Прошлым брезжила ночь за окном как потухший экран.
Дым струился. Черно на душе, на паркете и в мире...
Вот и всё. Нужно что-то решать. Остальное – обман...
Он шептал про себя, губы корчились теми словами,
Что всегда предваряют (как гимн малодушью) исход,
Под которые жизнь, поступившись своими правами,
Отойдёт. И другого судьи наступает черёд.
А на стенах от лампы кухонной раскинулись тени.
Пепел в грязной посуде, круги под глазами и стол
Одноцветно сливались в свинцовый оттенок смятений,
Что раскрасить способен лишь старый, заждавшийся ствол.
Вот рука потянулась, пока ещё просто к карману:
Посмотреть напоследок, проститься, прощенья просить?
Может сердца коснуться рукою – уже не стакана –
Захотелось душе перед трезвым решеньем «не быть»?
Он представил, как плавно рука завершает движенье,
Как под пальцем крючок поддаётся, как жадный щелчок
Остановит стоп-кадром прекрасное (в прошлом) мгновенье,
И сквозняк избавленья продует щемящий висок.
Свет сгустился, опалы зрачков превратились в бойницы.
Жжёт ладони металл – и бессильно летит в пустоту.
В небеса – так красиво. К балкону! На волю! Чтоб птицей...
– Стоп! Не верю! – Вскричал режиссёр, преступая черту...
Тишина... Он успел обернуться на голос и сжаться.
Впереди пыль гардин, за спиною призыв высоты.

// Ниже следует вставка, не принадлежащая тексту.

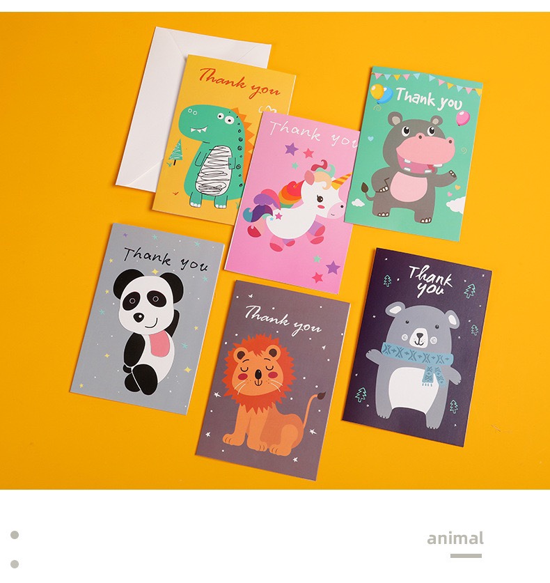Korean Creative Breakfast Hot Cartoon Thanks Greeting Card Children for Birthday Wish Blessed Card with Envelope

Никого... Он свободен от слов, мизансцен, декораций.
Он с самою судьбою, выходит, отныне на «ты».
Он не верит! – слезинки стекали, искрясь в лунном свете.
Будем жить! – резво сжался в кулак зазевавшийся рубль...
А в невидимой камере плёнка моталась в кассете,
Да старик-режиссёр всё ворчал про банальнейший дубль...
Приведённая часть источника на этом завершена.